DEssin : thomas du caju
scenario : Jean-Claude Van Rijckeghem
Selsey Bill, sud de l’Angleterre. 5 juin 1944, à 23 h 15. Nous avons reçu le briefing de l’opération Neptune. Demain, à l’aube, l’invasion de l’Europe commence.
Pour nous, “349 Belgian Squadron”, c’était le jour que nous attendions avec impatience depuis des années. La fébrilité des derniers jours nous y avait préparés : quelque chose d’énorme allait bientôt se produire.
C’est ainsi que, du jour au lendemain, nos zincs avaient été recouverts de rayures blanches et noires afin d’être facilement reconnus.
Enfin ! Après quatre ans, je commençais à en avoir assez de la cuisine britannique.
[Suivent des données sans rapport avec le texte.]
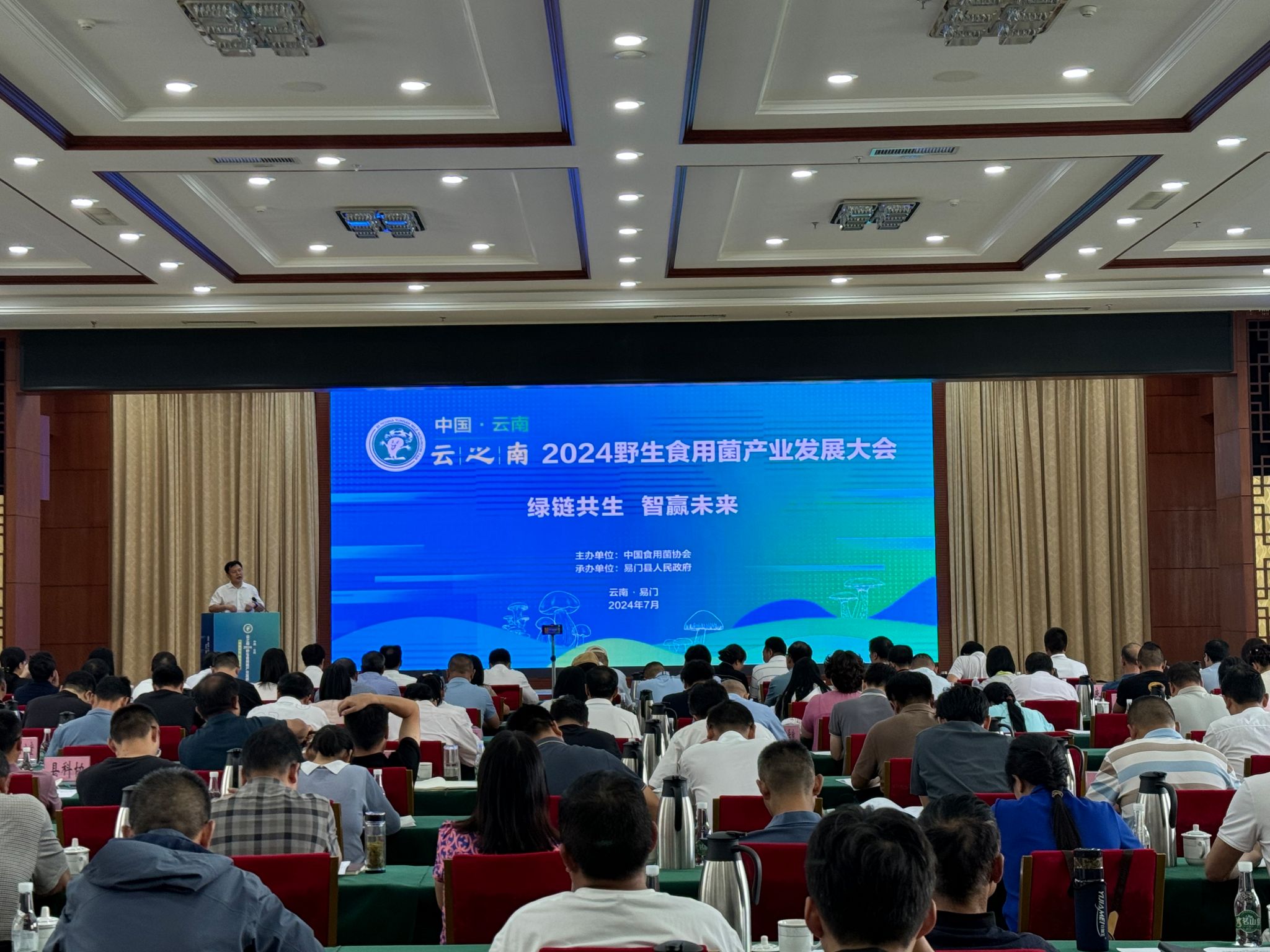 大会以“绿链共生 智赢未来”为主题,旨在汇聚各方智慧和力量,共同探讨野生食用菌产业的发展趋势、面临的挑战及解决方案,促进产业的可持续发展,来自全国各地共有200多名代表参加会议。会上,中国食用菌协会联合云南食用菌协会、四川食用菌协会、贵州食用菌协会等有关单位共同发布《野生食用菌产业绿色发展倡议书》。中国食用菌协会与云南省食用菌协会联袂发布云南野生食用菌“十大名菌”:松茸、美味牛肝菌、兰茂牛肝菌(见手青)、松露(块菌)、鸡油菌、干巴菌、鸡枞、青头菌、红菇、奶浆菌。
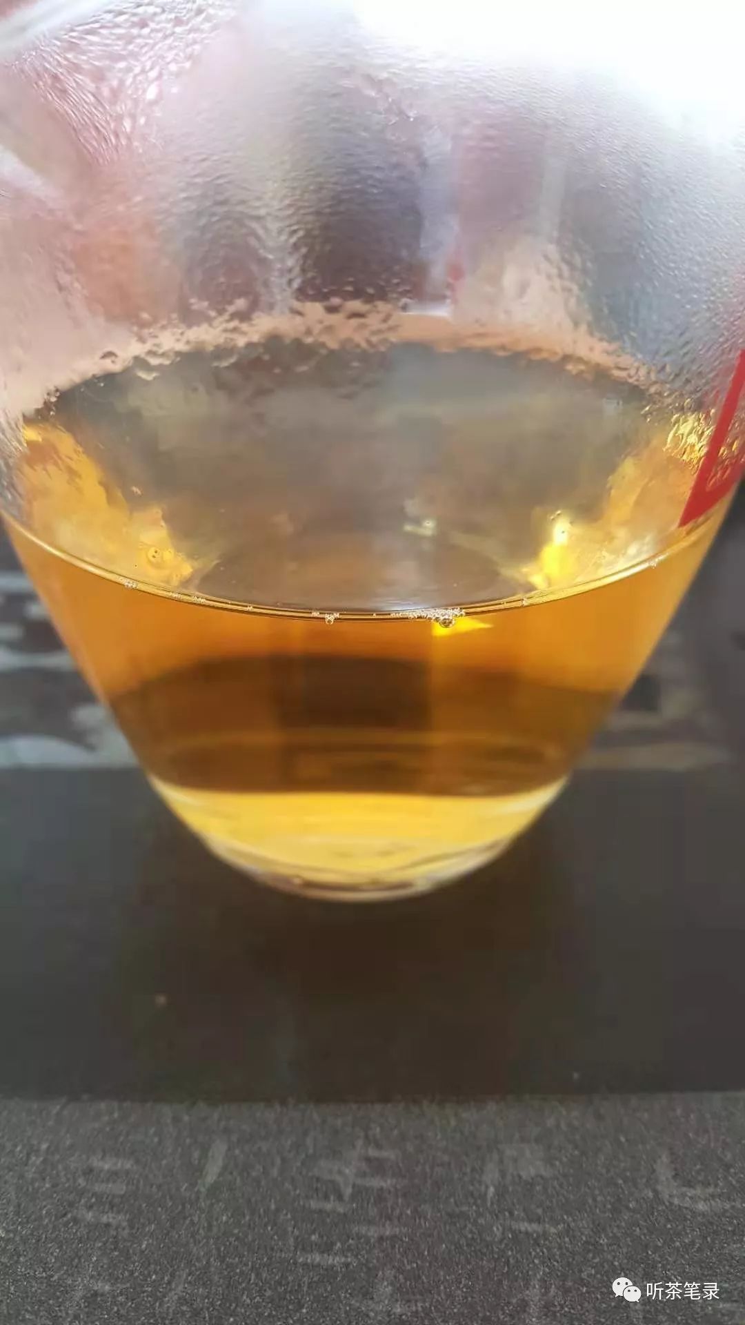 第九泡,湯淺金黃明亮,花果香甜變得較輕,甜度非常清晰,是一種非常清爽的感覺,水路還是維持在算是細(xì)膩的水平,公道杯甜度留存。再往后泡三五泡問題不大??慈~底,色澤青綠,葉面肥厚,油光柔軟,脈絡(luò)清晰,表現(xiàn)非常好。
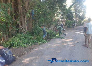 NTT-SIKKA Pratu Yelfrid Leonardus, Babinsa Koramil 1603-04/Kewapante Kodim 1603/Sikka, melaksanakan kegiatan kerja bakti pembersihan bahu jalan dan ranting pohon yang melebar ke jalan di Desa Wolomapa...
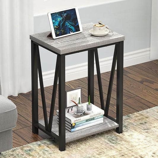 "Modern Edge V-Frame Narrow Side Table with Dark Wood Finish – Compact End Table with Geometric Metal Design and 2-Tier Open Storage – Perfect for Living Room, Bedroom, or Entryway Décor – Sleek,
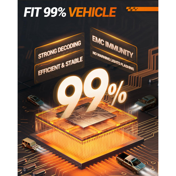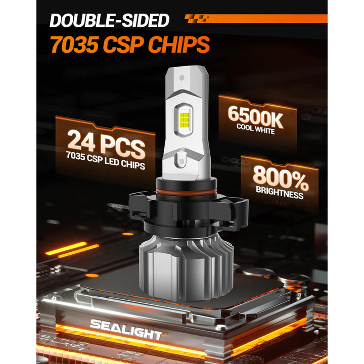 Las bombillas utilizan potentes chips CSP 7035 de doble fila, lo que se traduce en un brillo del 800%. Estos chips han sido distribuidos para emitir un haz de luz que alcanza 984 pies, penetrando niebla densa y lluvias, gracias a su diseño de gran angular que abarca varios carriles.
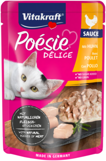 De producten van Vitakraft® Poésie® DÉLICE maken het smaakverschil met hun natuurlijke stukjes vlees of vis van hoge kwaliteit.
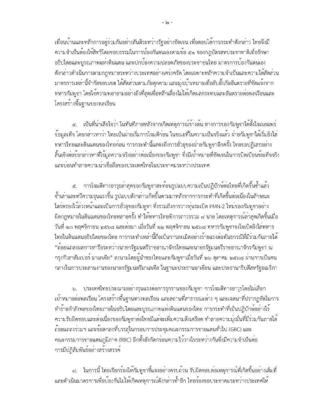 ๒. เมื่อวันที่ ๘ ธันวาคม ๒๕๖๘ เวลา ๐๕.๐๕ น. ทหารกัมพูชาได้เริ่มโจมตีฐานทหารไทยโดยปราศจากการยั่วยุใด ๆ ในพื้นที่ช่องอานม้า จังหวัดอุบลราชธานี ตามด้วยการโจมตีในวงกว้างอย่างไม่เลือกเป้าหมายตลอดหลายพื้นที่ภายในดินแดนของไทยในจังหวัดบุรีรัมย์ จังหวัดสุรินทร์ จังหวัดศรีสะเกษ และจังหวัดอุบลราชธานี
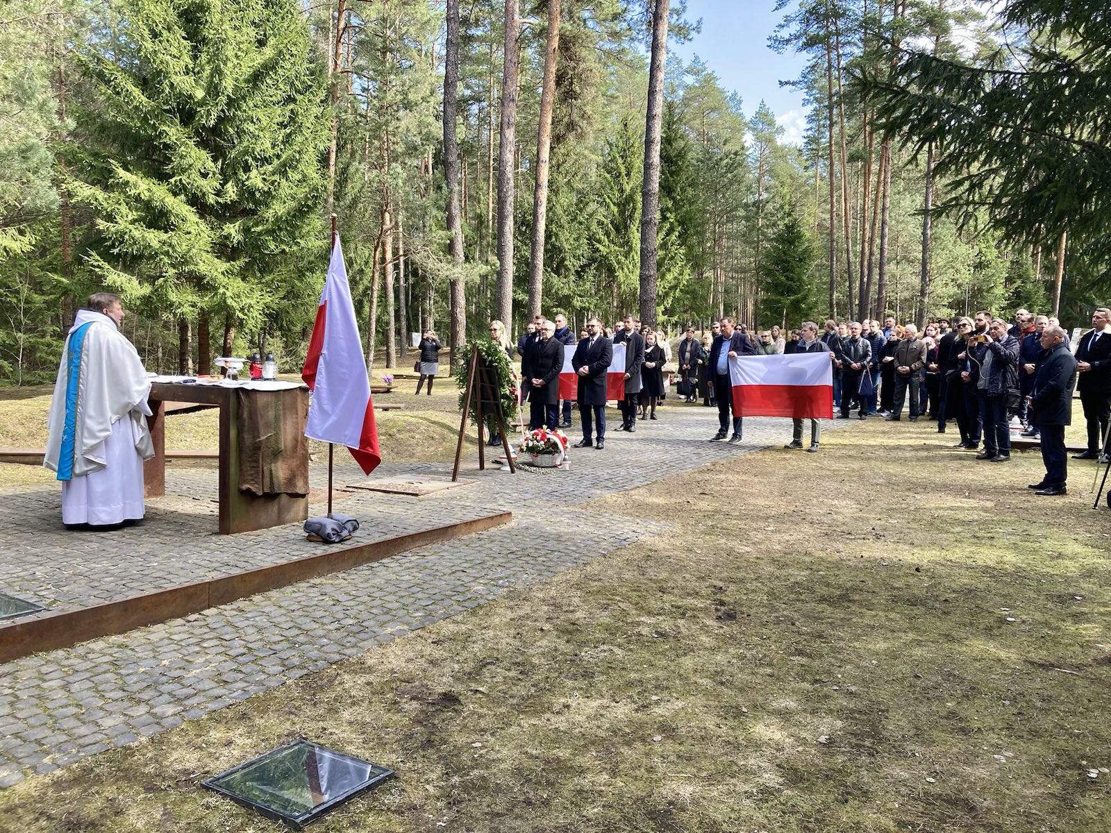 На Польском военном кладбище в Катыни Посол зажег свечу и возложил цветы и пасхальную вербу, которая является не только символом мученичества, но и символом триумфа жизни над смертью. После Святой Мессы, которую отслужил отец Птолемеуш, участники делегации зажгли свечи на могилах жертв. Посол возложил бело-красные-цветы к стене памяти.

Tu parles ! Je rêve d’un bon moulesfrites, place Sainte-Catherine. Avec une bière bien mousseuse.
Deux bières bien mousseuses !
Le 6 juin, nous avons été réveillés à 3 h 45, au matin du “ jour le plus long ”. Encore que je ne pense pas que l’un d’entre nous ait réussi à fermer l’œil.
Nous avons avalé des sandwiches avec du thé et, après une dernière séance d’information, nous avons vérifié notre équipement : casque, gants, cartes et le gilet de sauvetage gonflable qu’on appelait “ Mae West”, parce que le renflement qu’il formait sur notre poitrine faisait penser aux appâts opulents de l’actrice.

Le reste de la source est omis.